----- PROVIDED DATA -----
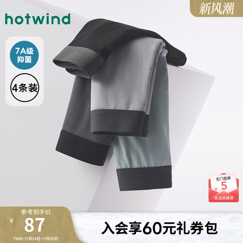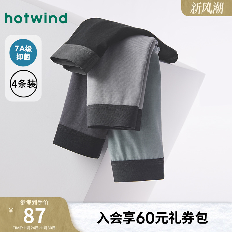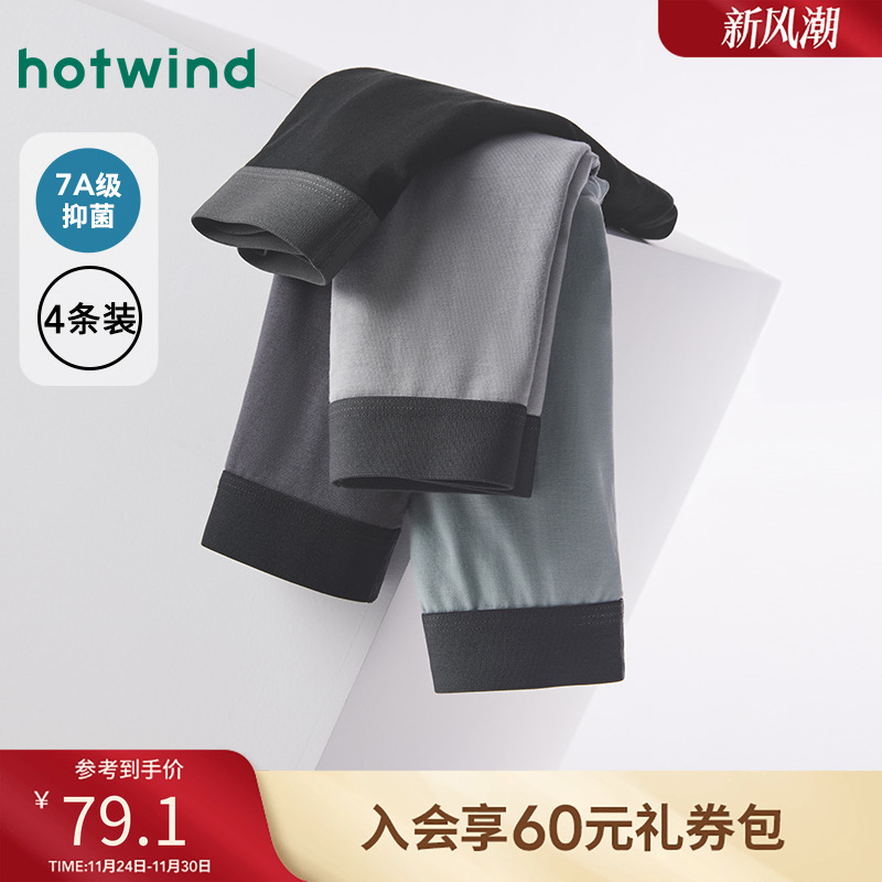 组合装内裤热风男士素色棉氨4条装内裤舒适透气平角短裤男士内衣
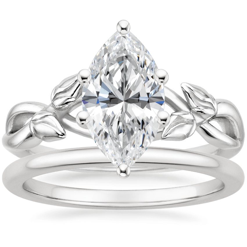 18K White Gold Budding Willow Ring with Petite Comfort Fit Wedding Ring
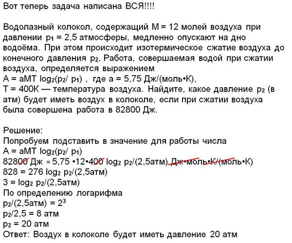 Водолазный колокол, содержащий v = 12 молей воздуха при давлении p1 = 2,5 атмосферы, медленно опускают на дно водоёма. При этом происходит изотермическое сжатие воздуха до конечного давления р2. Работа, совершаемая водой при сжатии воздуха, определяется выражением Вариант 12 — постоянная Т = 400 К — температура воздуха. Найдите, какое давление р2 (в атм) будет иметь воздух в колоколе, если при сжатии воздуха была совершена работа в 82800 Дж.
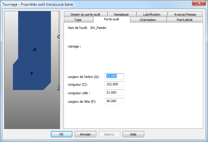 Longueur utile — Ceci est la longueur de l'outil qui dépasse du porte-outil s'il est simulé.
-----
TASK: All of the material above should be copied exactly, minus the pictures.

ANSWER AREA:
 组合装内裤热风男士素色棉氨4条装内裤舒适透气平角短裤男士内衣
 18K White Gold Budding Willow Ring with Petite Comfort Fit Wedding Ring
 Водолазный колокол, содержащий v = 12 молей воздуха при давлении p1 = 2,5 атмосферы, медленно опускают на дно водоёма. При этом происходит изотермическое сжатие воздуха до конечного давления р2. Работа, совершаемая водой при сжатии воздуха, определяется выражением Вариант 12 — постоянная Т = 400 К — температура воздуха. Найдите, какое давление р2 (в атм) будет иметь воздух в колоколе, если при сжатии воздуха была совершена работа в 82800 Дж.
 Longueur utile — Ceci est la longueur de l'outil qui dépasse du porte-outil s'il est simulé.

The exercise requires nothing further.